Hat Yai is mostly about eating and shopping on foot — in town, start at Kim Yong Market, the dried-goods, snacks and imports market that's the heart of the shopping, with Lee Gardens Plaza and Central Festival nearby · in the evening, graze the Greenway / ASEAN night market for food and souvenirs · the classic sight is Hat Yai Municipal Park on the hill, with a cable car for city views and the giant golden standing Buddha (Phra Buddha Mongkol Maharaj) · for a floating market there's Khlong Hae Floating Market on Friday–Sunday evenings · and for nature you can head out to Ton Nga Chang Waterfall west of town. See them all in the Hat Yai attractions guide, and for the sea, the Hat Yai day trips (Songkhla old town and Samila beach).
This is the main reason people come — the headline dish is Hat Yai fried chicken, crisp and topped with fried shallots, the city's signature plate that's worth one meal of your trip · mornings are all about the coffeeshop and dim sum culture, with hot dim sum and old-style coffee a must-do breakfast · Chinese-Thai Hokkien and Teochew cooking is everywhere, along with bak kut teh and kopitiam coffee (kopi and kaya toast) · for southern Thai food, try kao yam (herb rice), roti and southern Thai-Muslim dishes. See the shops and food areas in the Hat Yai food guide, and for cafés, the Hat Yai café guide.

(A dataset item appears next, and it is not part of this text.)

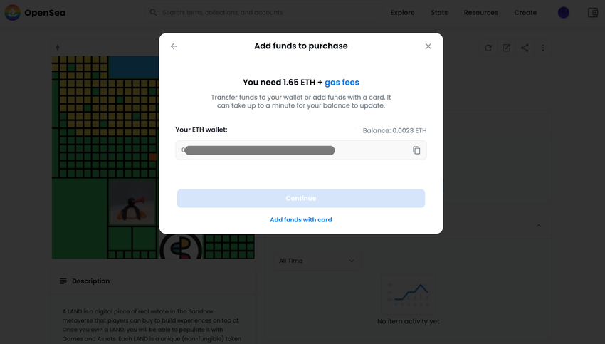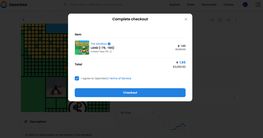 Jeśli chcesz natychmiast kupić ziemię metaverse w The Sandbox, będziesz musiał znaleźć ofertę, która oferuje opcję “Kup teraz“. Zobaczysz wtedy całkowitą kwotę, jaką musisz zapłacić za zakup tej ziemi i będziesz mógł przejść do kasy.

Hat Yai grew into a commercial city because it sits close to the Malaysian border, and every weekend Malaysian and Singaporean visitors drive or bus over for the fried chicken, Kim Yong Market and the shopping. That gives the city a multilingual, multicultural feel — many shop signs carry English and Chinese, restaurants and hotels are used to foreign guests, and Chinese, Thai and Muslim food sit side by side all over town. During Malaysian and Singaporean long weekends the city gets busy and rooms fill fast, so booking ahead makes for an easier trip.
Hat Yai city (Songkhla province) is a safe, busy commercial hub, and the vast majority of visitors have a trouble-free trip — just apply normal big-city caution: watch your valuables, mind the traffic, and use public transport or Grab at night. The news and travel advisories about unrest that many people have heard concern the three southernmost provinces — Pattani, Yala and Narathiwat — which are a separate area from Hat Yai and Songkhla. Hat Yai and the Songkhla / Samila day trip this page recommends are in the zone that travellers visit as a matter of course.
Cash: Kim Yong Market, the night markets, dim sum shops, songthaew and most tuk-tuks take cash, so carry small notes for change; the big malls and hotels take cards. ATMs: there are plenty around Lee Gardens and in the malls, so withdrawing is easy. Internet/SIM: sort a SIM or eSIM before you travel so Grab and maps are ready — see how to choose in the Thailand SIM & eSIM guide.
Only have a day or two? The Hat Yai 2-day itinerary covers the food, the markets, the hilltop park and a Songkhla day trip. Not sure when to come? Read the Hat Yai best time to visit guide first (avoid the peak rain months, Oct–Dec). Want to compare arriving by plane, train or overland? See the getting to Hat Yai guide.
Expecting a beach: Hat Yai has none — if you want to swim, budget the ~30-minute ride to Songkhla (Samila Beach). Allowing too little time: there's a lot of food and market to cover, so half a day feels rushed — give it at least a full day. Coming in peak rain: Oct–Dec brings heavy rain and, in bad years, flooding — check the forecast before booking. Not agreeing fares: settle the price with tuk-tuks and chartered songthaew before you get in, or use Grab for a fixed fare. Assuming the whole south is dangerous: Hat Yai city is a safe zone people visit routinely — a separate area from the three southernmost provinces.